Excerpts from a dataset
━━━━━━

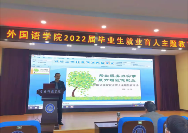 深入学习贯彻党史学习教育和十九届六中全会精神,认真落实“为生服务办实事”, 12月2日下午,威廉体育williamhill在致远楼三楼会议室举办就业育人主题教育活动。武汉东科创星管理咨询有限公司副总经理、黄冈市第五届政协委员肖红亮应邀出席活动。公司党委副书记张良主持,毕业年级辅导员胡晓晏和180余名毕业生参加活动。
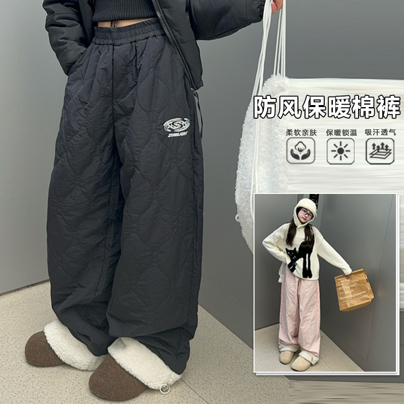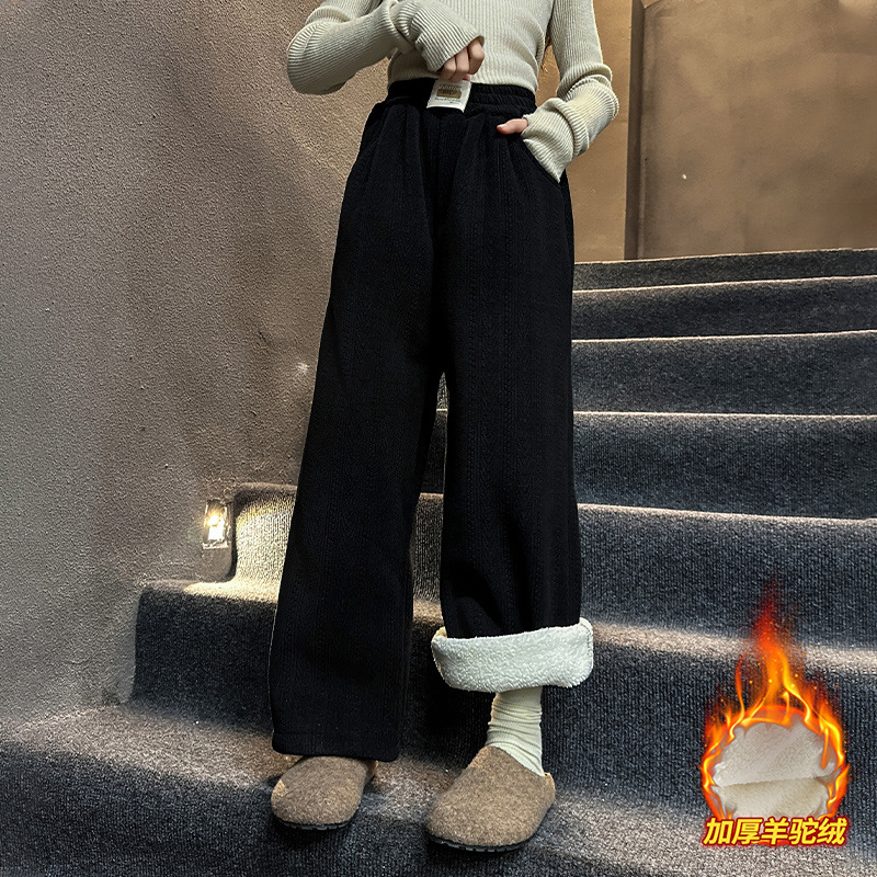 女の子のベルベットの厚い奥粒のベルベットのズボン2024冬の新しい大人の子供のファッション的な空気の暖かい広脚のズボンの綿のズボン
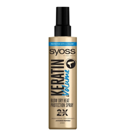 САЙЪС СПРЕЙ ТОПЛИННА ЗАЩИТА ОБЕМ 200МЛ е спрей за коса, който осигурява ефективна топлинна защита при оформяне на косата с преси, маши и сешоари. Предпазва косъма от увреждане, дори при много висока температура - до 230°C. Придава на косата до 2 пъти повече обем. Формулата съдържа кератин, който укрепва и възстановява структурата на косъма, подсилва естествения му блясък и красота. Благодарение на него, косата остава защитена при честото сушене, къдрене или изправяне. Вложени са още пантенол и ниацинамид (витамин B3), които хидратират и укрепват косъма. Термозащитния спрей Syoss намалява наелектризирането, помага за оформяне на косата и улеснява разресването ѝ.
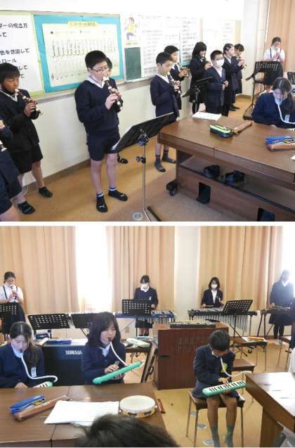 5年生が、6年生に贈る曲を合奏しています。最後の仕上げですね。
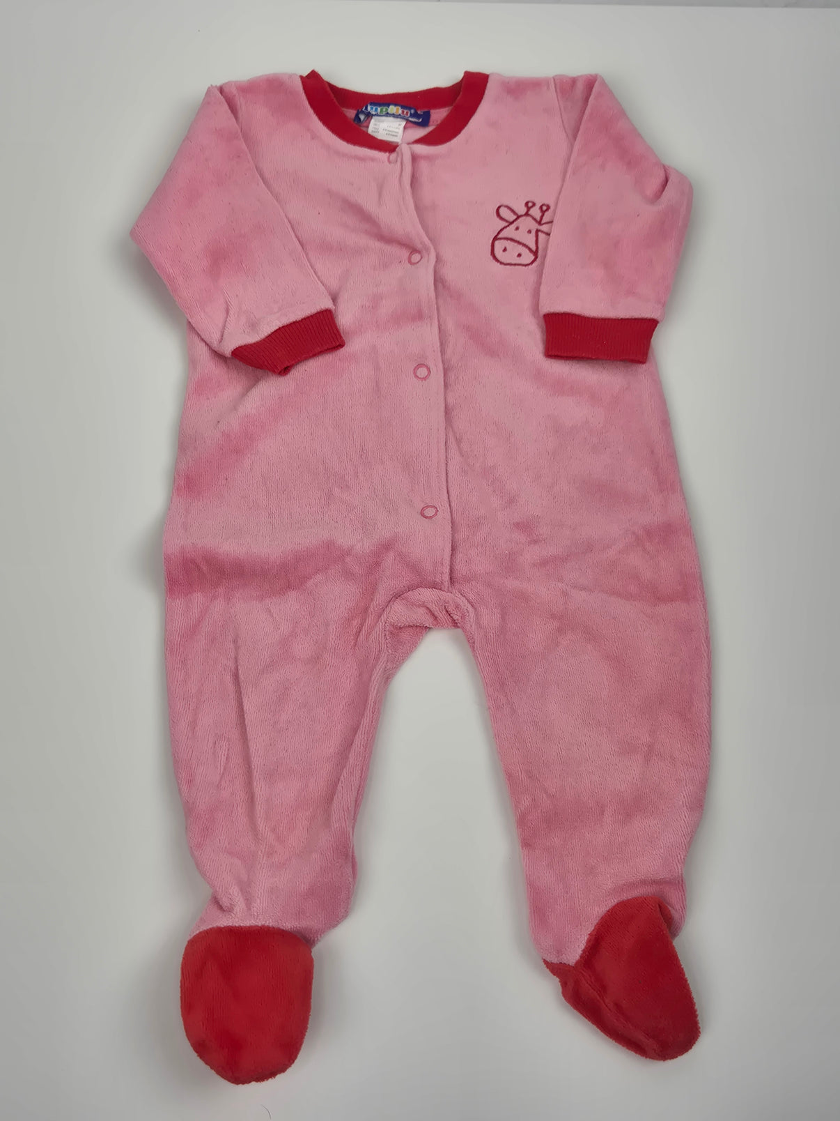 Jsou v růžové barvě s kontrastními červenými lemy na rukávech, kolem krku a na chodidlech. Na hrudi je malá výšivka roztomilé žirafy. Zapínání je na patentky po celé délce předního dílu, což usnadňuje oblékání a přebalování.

━━━━━━

Every line from the one holding "САЙЪС СПРЕЙ ТОПЛИННА" through the end of the records above must be reproduced verbatim, pictures excepted.

## ANSWER FOR THE TASK
 САЙЪС СПРЕЙ ТОПЛИННА ЗАЩИТА ОБЕМ 200МЛ е спрей за коса, който осигурява ефективна топлинна защита при оформяне на косата с преси, маши и сешоари. Предпазва косъма от увреждане, дори при много висока температура - до 230°C. Придава на косата до 2 пъти повече обем. Формулата съдържа кератин, който укрепва и възстановява структурата на косъма, подсилва естествения му блясък и красота. Благодарение на него, косата остава защитена при честото сушене, къдрене или изправяне. Вложени са още пантенол и ниацинамид (витамин B3), които хидратират и укрепват косъма. Термозащитния спрей Syoss намалява наелектризирането, помага за оформяне на косата и улеснява разресването ѝ.
 5年生が、6年生に贈る曲を合奏しています。最後の仕上げですね。
 Jsou v růžové barvě s kontrastními červenými lemy na rukávech, kolem krku a na chodidlech. Na hrudi je malá výšivka roztomilé žirafy. Zapínání je na patentky po celé délce předního dílu, což usnadňuje oblékání a přebalování.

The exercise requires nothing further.